Una situazione che si traduce in sovraccarico per il personale sanitario, già segnato da fenomeni di burnout, stress lavorativo e crescente età media degli operatori. Il rischio, evidenzia il NurSind, è quello di compromettere ulteriormente la qualità delle cure e la sicurezza degli stessi operatori.

Nel documento, firmato dal segretario territoriale Roberto Mazzucca, emerge con forza la richiesta di un cambio di passo, che passi anche attraverso la valorizzazione delle professionalità presenti, una migliore gestione delle risorse e una verifica puntuale dell’utilizzo dei fondi disponibili.

«Il confronto è indispensabile per verificare la reale spendibilità delle risorse e per potenziare strutture e personale. Occorre valorizzare le eccellenze presenti e colmare le carenze che oggi penalizzano il sistema»

Il sindacato punta inoltre a una maggiore integrazione tra ospedale, territorio, terzo settore e servizi sociali, con l’obiettivo di costruire modelli terapeutici e riabilitativi più efficaci e sostenibili nel tempo.

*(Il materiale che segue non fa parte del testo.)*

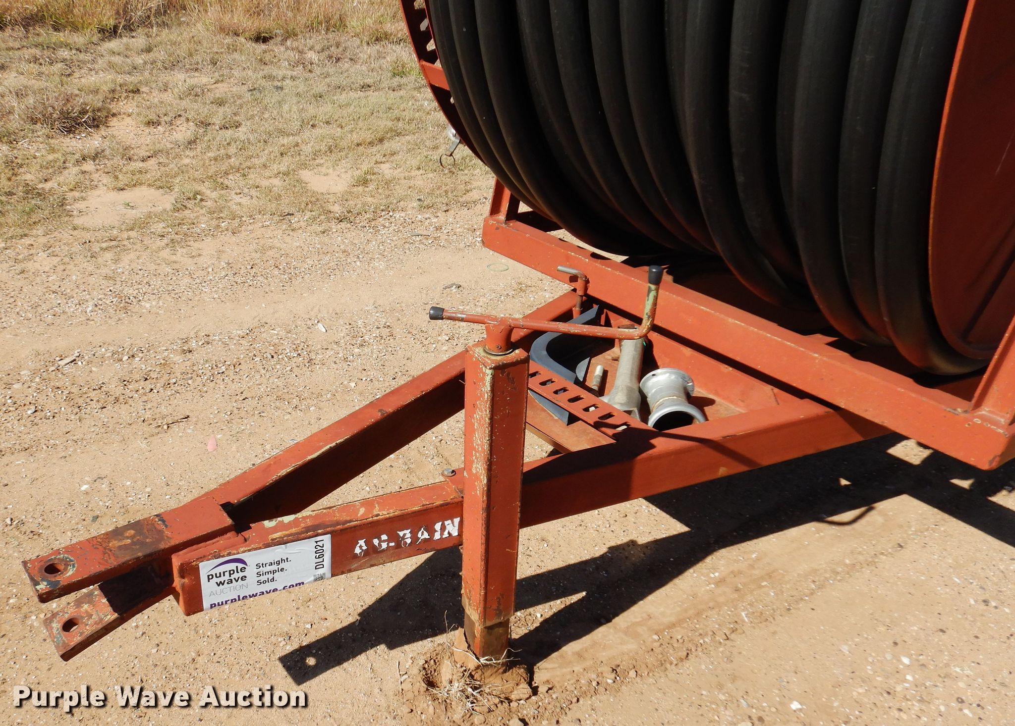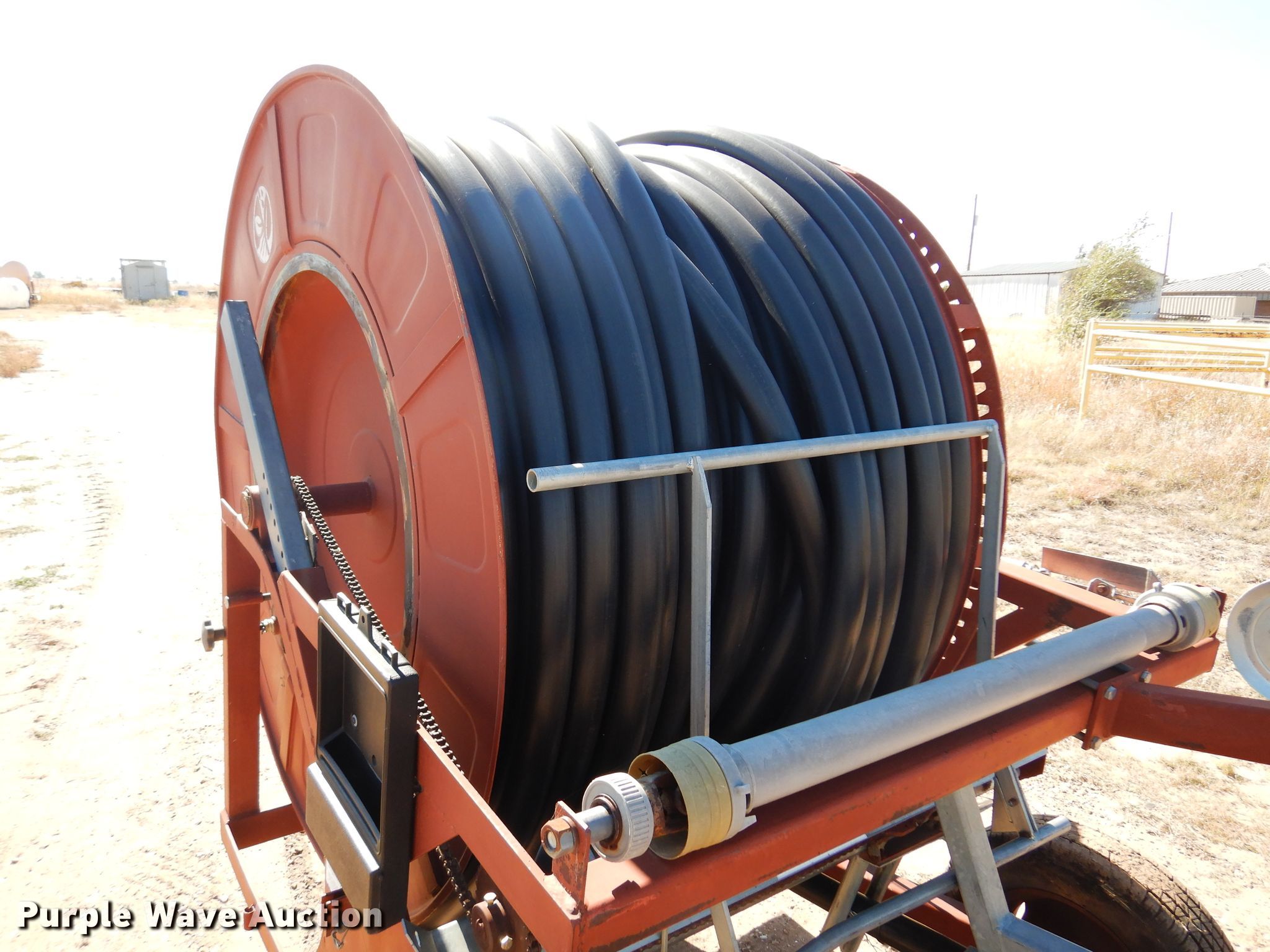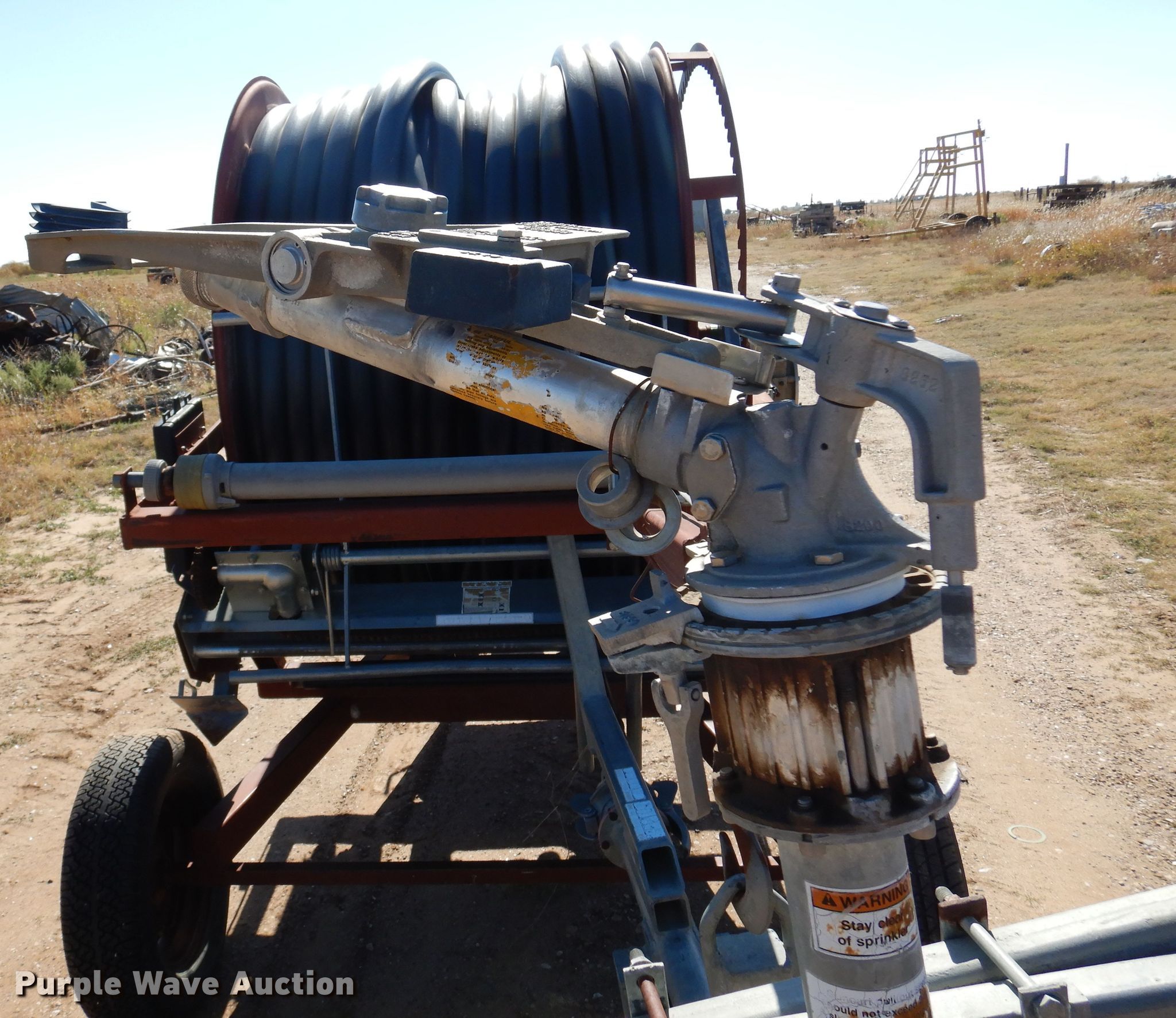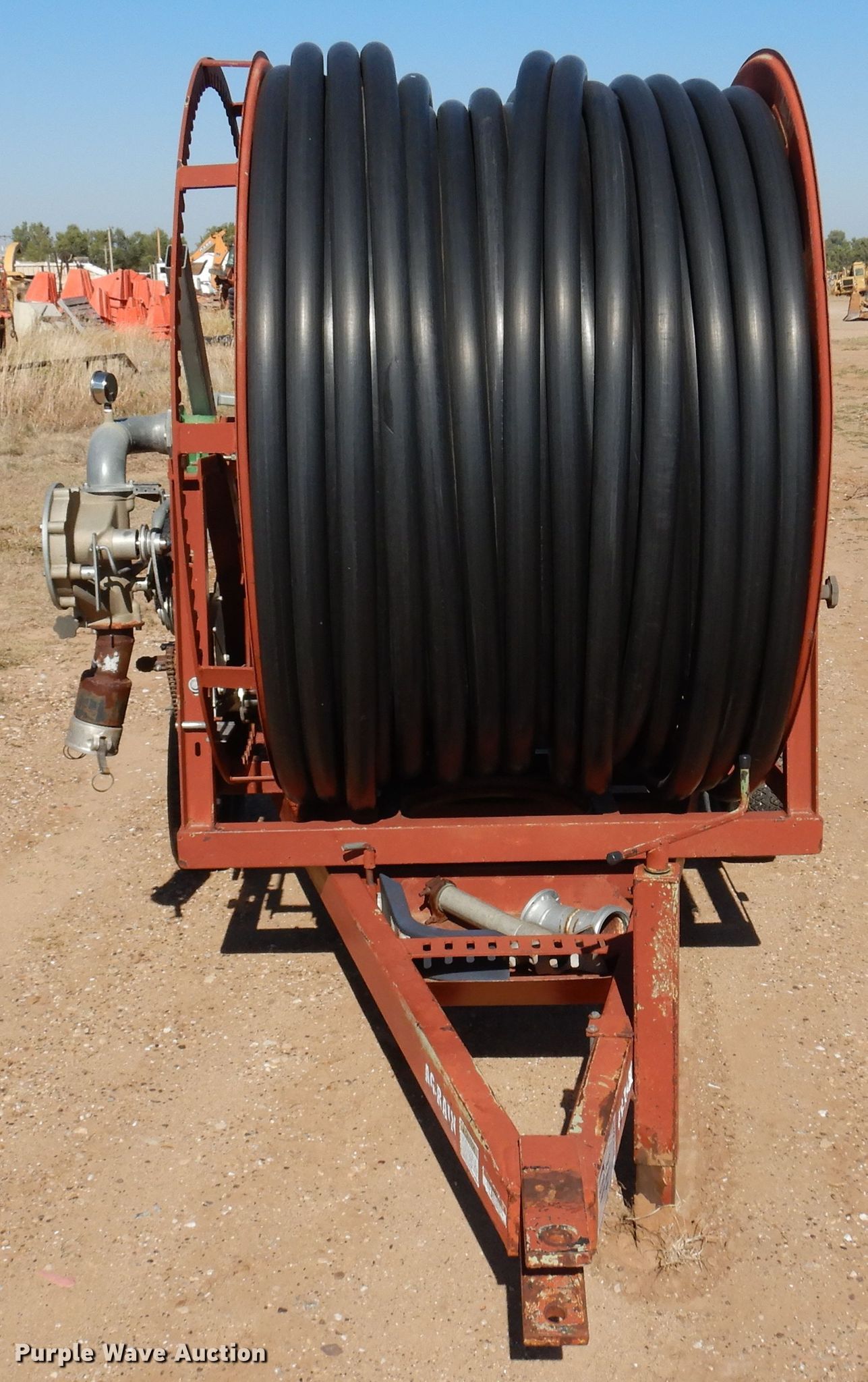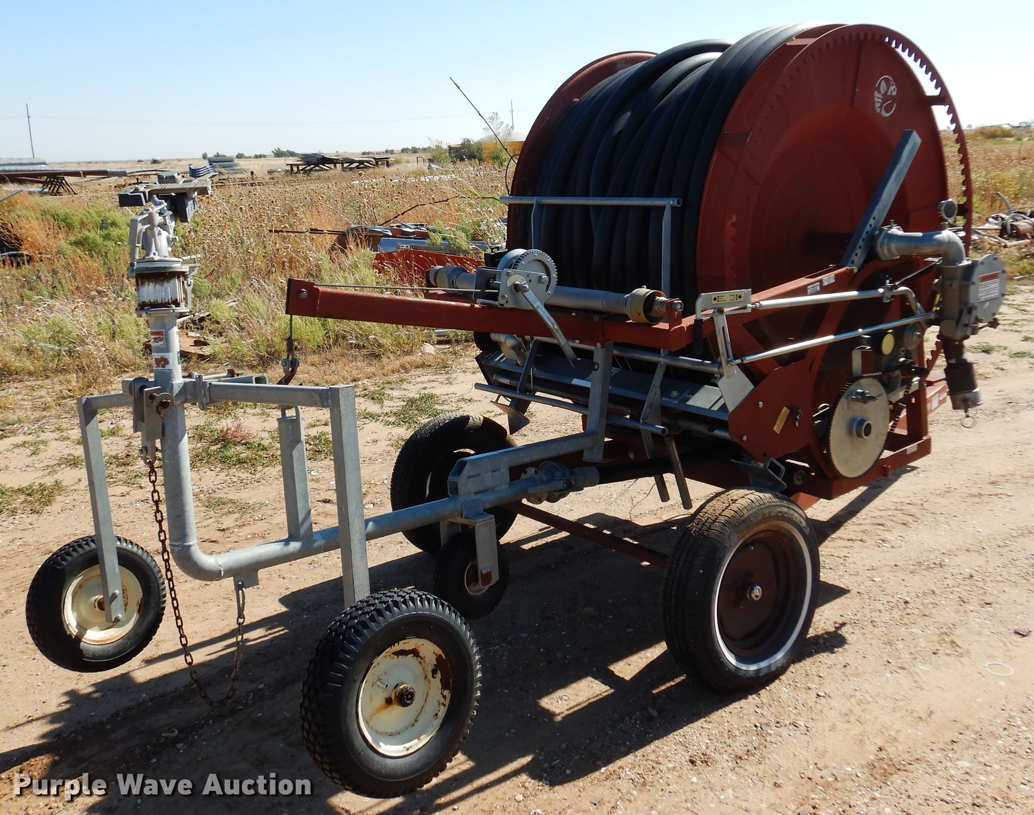 Purple Wave is selling a used Hose Reel in Oklahoma. This item is a Smith Irrigation Equipment water reel with sprinkler with the following: 2" hose, Big Gun sprinkler, Front tires: 185/70R14, Rear tires: 4.80-8, Serial: 330077
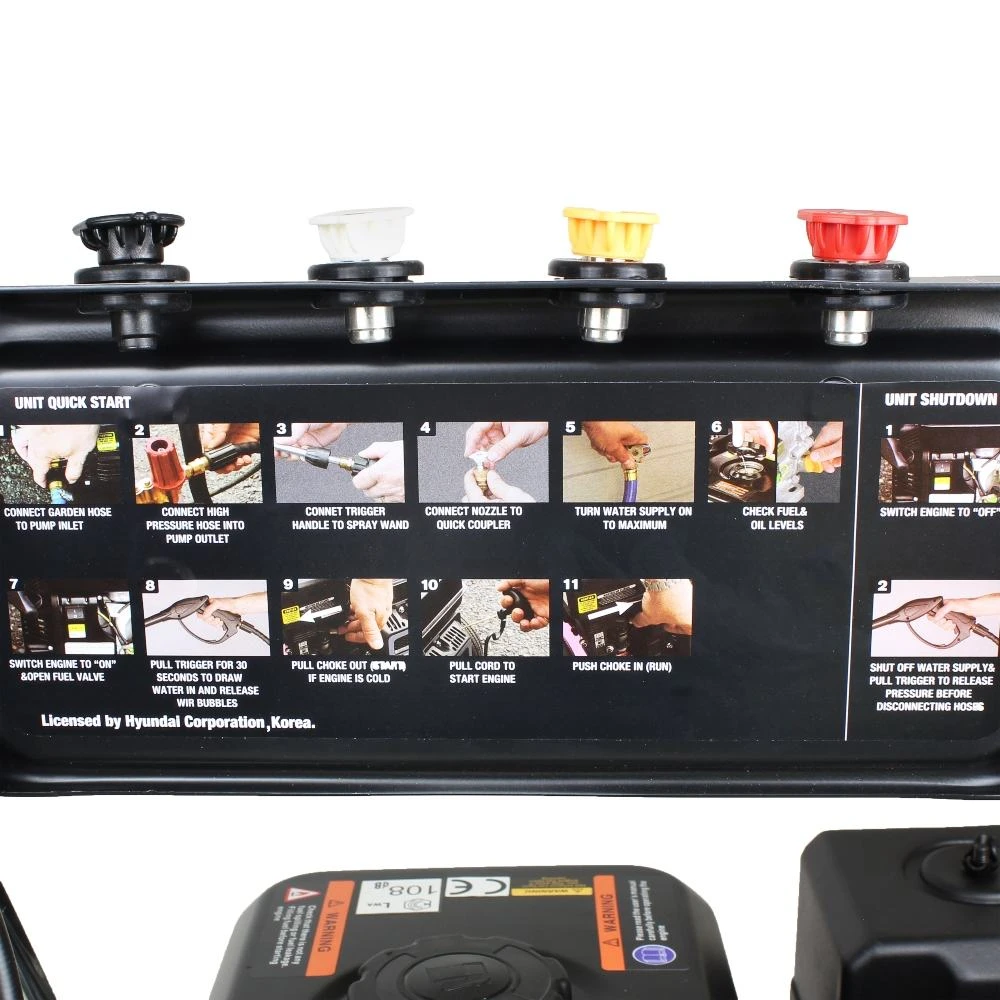 The Hyundai 210cc 4 stroke petrol engine has tremendous mid range torque so the jet washer does not have to be operated at maximum revs while cleaning. This makes for a more pleasant, quieter user experience and reduces fuel consumption, whilst promoting long engine life.

Resta centrale anche la questione della governance: tra le richieste avanzate, infatti, figura la nomina del direttore del reparto di Psichiatria, considerata fondamentale per garantire stabilità organizzativa e visione strategica.

La richiesta del NurSind è chiara: aprire subito un tavolo di confronto serio e operativo per affrontare una delle emergenze più complesse e sottovalutate del sistema sanitario.